> _Data block_
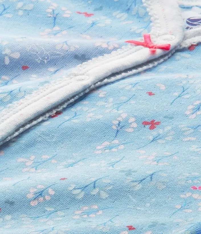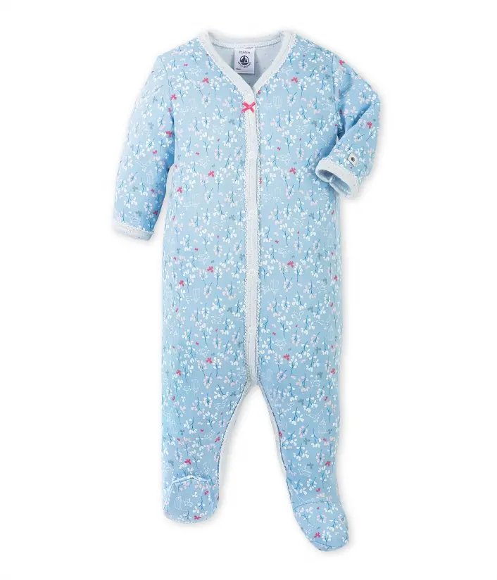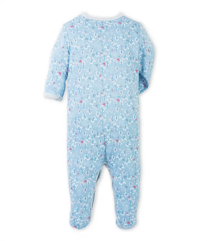 Розкішна піжама з довгими рукавами і закритими ніжками для дівчинки, виготовлена з бавовняного трикотажу з гарним квітковим принтом. Піжама має зручні застібки для комфортного та швидкого перевдягання дитини. Матеріал: 75% бавовна, 25% модал.
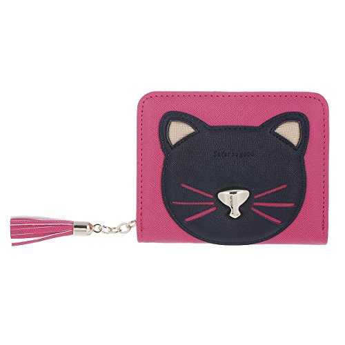 -. Feature : A good gift for your girl. / Cute cat applique with golden-tone nose decorated. / Around zipper with tassel fastened. / 1 cash layer, 2 zipper pouches, 2 card slots and 1 photo window. / Purse measurement: 11.7 x 9.3 x 3cm (4.6 x 3.6 x 1.2 inches).
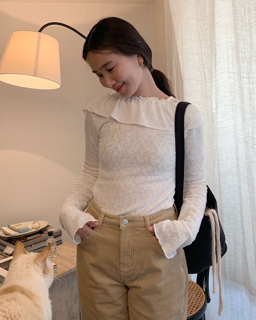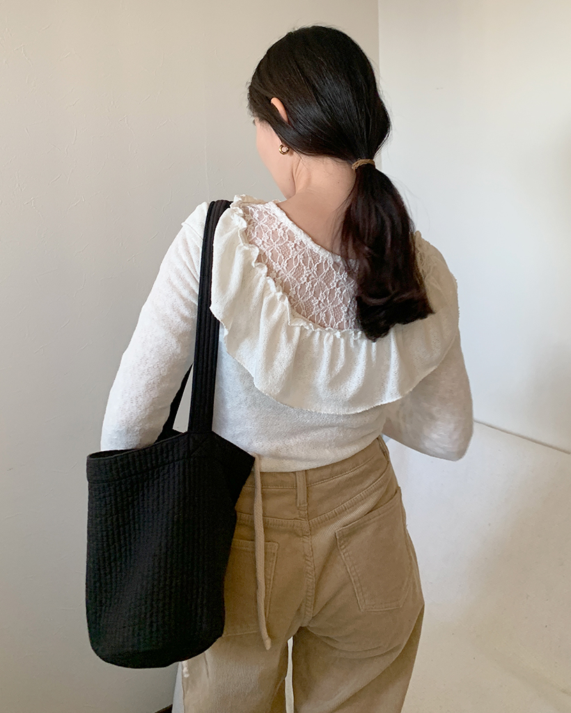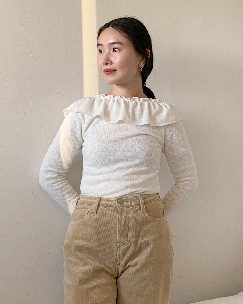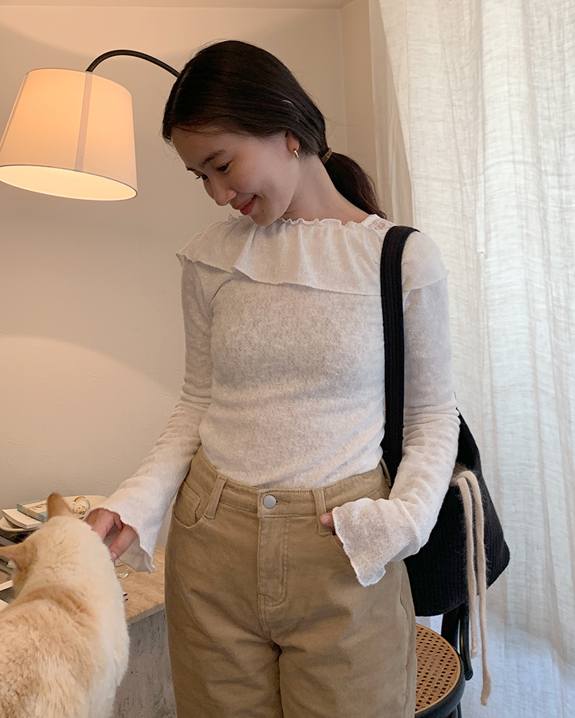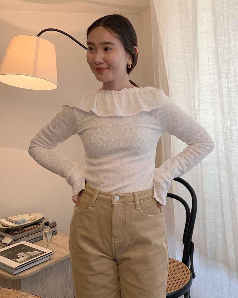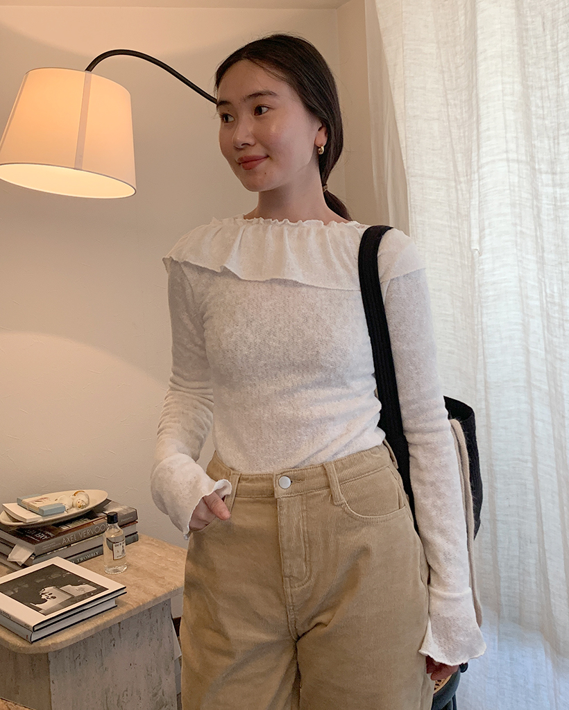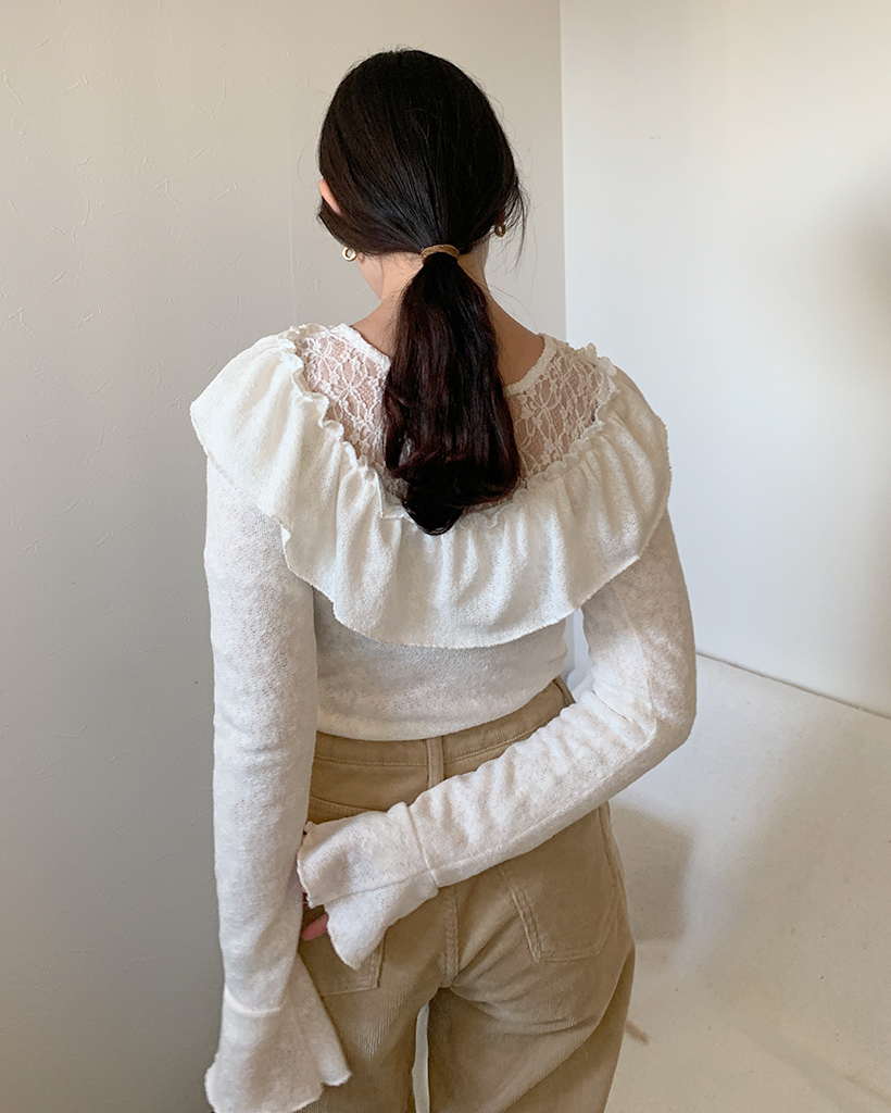 オフショルダーフリルシャーリングTシャツ

> _Task requirements_
With the pictures omitted, copy exactly the lines from the line that contains "-. Feature : A" through the end of the material.

> _Output for this exercise_
 -. Feature : A good gift for your girl. / Cute cat applique with golden-tone nose decorated. / Around zipper with tassel fastened. / 1 cash layer, 2 zipper pouches, 2 card slots and 1 photo window. / Purse measurement: 11.7 x 9.3 x 3cm (4.6 x 3.6 x 1.2 inches).
 オフショルダーフリルシャーリングTシャツ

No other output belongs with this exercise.